The company can also tap into IBM i capacity by way of a Power7 box stored in an Iron Mountain facility outside of Boston, Massachusetts, Massiello says. “The constant reoccurring theme is N-plus-one,” he says. “That’s the benefit of a true cloud solution, that you get the redundancy.”
Investments in high availability infrastructure and adherence to accepted IT processes and standards like ISO and ITIL are important elements of LightEdge Solutions‘ commitment to ensuring uninterrupted uptime of its Power Cloud, according to LightEdge Solutions Architect Roger Mellman.
“A significant value LightEdge delivers to iSeries customers is our hardened data center infrastructure and strict process adherence,” Mellman tells IT Jungle. “We employ a reference architecture, which forces elimination of single points of failure in our infrastructure, network, and systems. We are architected for high availability both within and across our multiple data centers.
The company runs Vision Solutions‘ MIMIX high availability software to replicate its customers’ production IBM i data in real time to secondary servers running in secondary data centers, which offers the highest levels of recovery point and recovery time objectives. For customers who can’t justify the expense of a full HA solution. LightEdge offers backups on EMC DataDomain VTLs, which also involves multi-site replication and DataDomain’s exclusive data reduction technology.
While there’s no way to stop freak occurrences from happening – like the AWS employee entering the wrong number of servers to take down will surely tell you – careful planning can mitigate most of the risk associated with a cloud solution.
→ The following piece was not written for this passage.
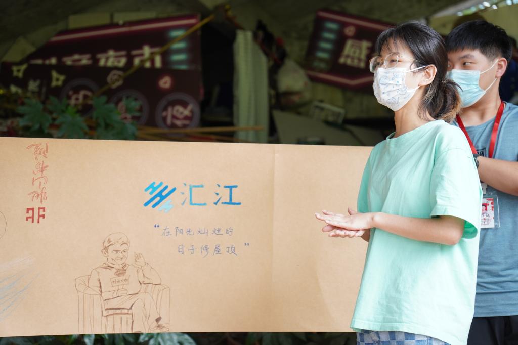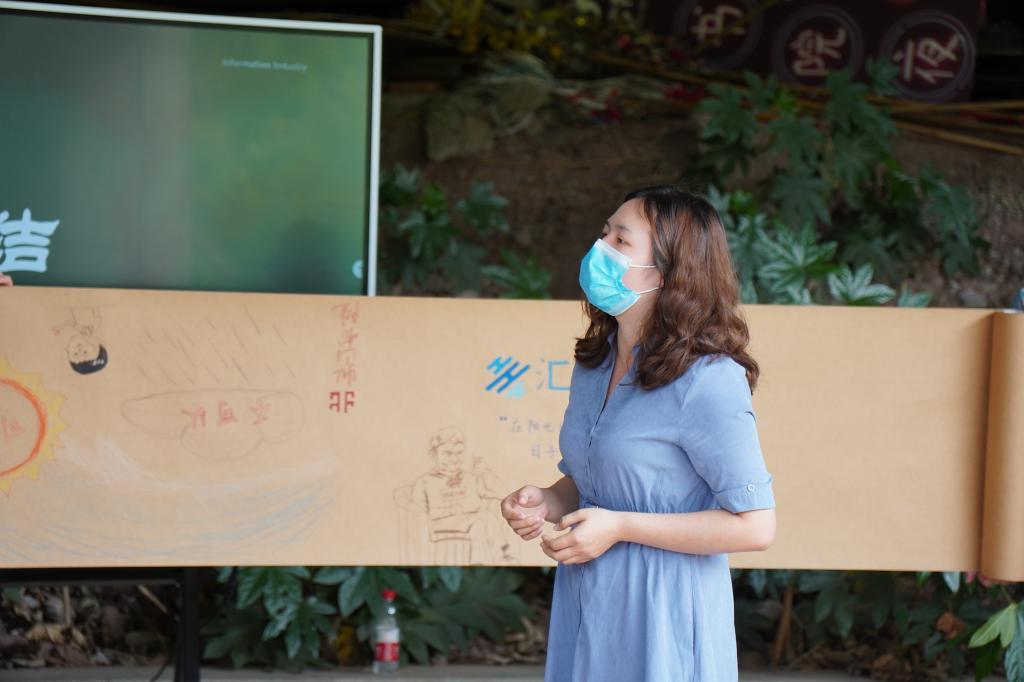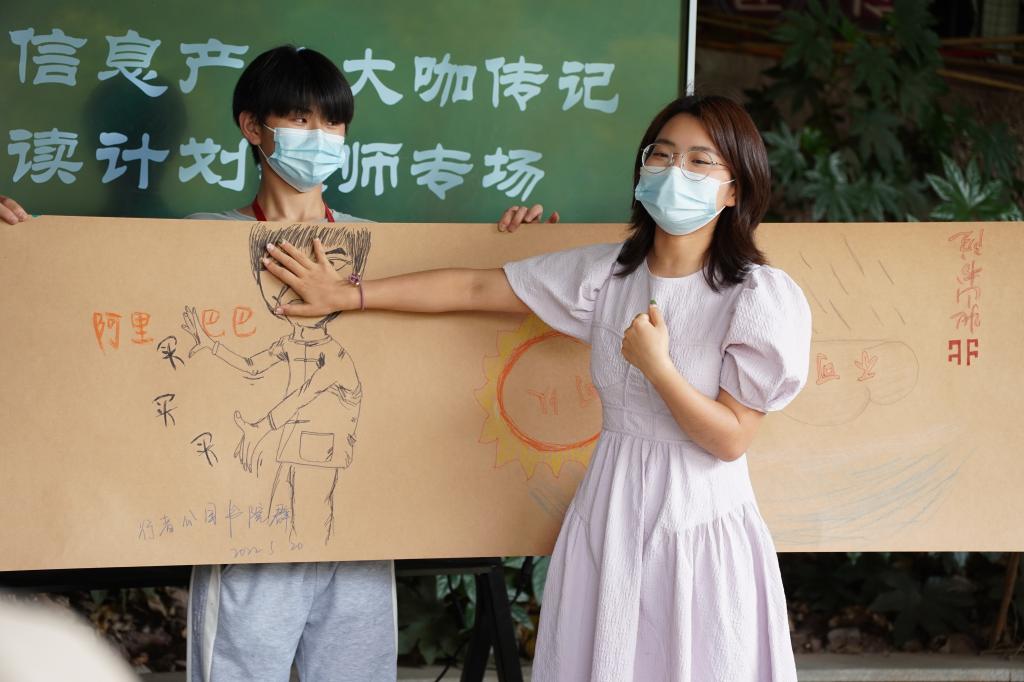 自由创作后,饱含书院师生创意与感悟的10米长卷映入眼帘,各书院师生代表对自己的作品进行精彩分享,南湖书院齐旭老师以马云与孙正义的相互赏识,结合南湖书院文化,引出智者只找对的人的精神理解;鱼城书院林森老师通五彩的“share”分享书院伴读计划的重要与阅读分享的快乐;廊桥书院滕壬鑫老师将马云与孙正义形象比作海绵宝宝与派大星,以他们的友谊与性格上的贴合生动地为全场师生带来一场“商业讲堂”;行者公园书院群张琦琦老师以马云极具辨识的演讲风格与经典金句带来大咖个人魅力的精彩分享。

“It is impossible to guarantee that you will never go down,” says Ralph Wasner, CTO of First National Technology Solutions, an IBM i cloud provider that we profiled in a story last week. “At the same time you can minimize the risk of an outage by building resilience in the systems and platforms we support and by proactively monitoring the environment.”
Careful construction of the private cloud environment can reduce – but not entirely eliminate – the possibility of an extended outage,” Wasner says.
“FNTS invests in hardening our systems with redundant network/systems and the best of breed hardware,” he says. “Nothing at FNTS is single threaded. We actively monitor for issues but we also monitor for the indicators of a pending issue.”
Hoping and Praying
According to Massiello, most managed service providers (MSPs) hosting private IBM i clouds take pains to ensure redundancies up and down the stack. But, there are exceptions.
“The IBM i community is small. We all know one another. All the people who are in this have the right infrastructure. They’ve been doing it a long time,” he says. “It’s the people who are pretending to be cloud providers – those are the ones you have to be worried about.”
IBM i cloud shoppers should make sure their prospective cloud providers have invested in the redundancies necessary to overcome most problems that can crop up.
“There have been some business partners in the market who have decided they’re going to have a cloud and host their customer on it, and it’s in the same computer room that they’re running their own workloads on,” he says. “The redundancies are not there.”
They should also look at the personnel involved in monitoring and managing the cloud operation, which is a 24/7/365 affair. “You just have a guy who works from 8-5 Monday through Friday and Friday he leaves and is going to come in Monday and check to see if the machine is up,” Massiello says. “That’s not a cloud. That’s a hope and a prayer.”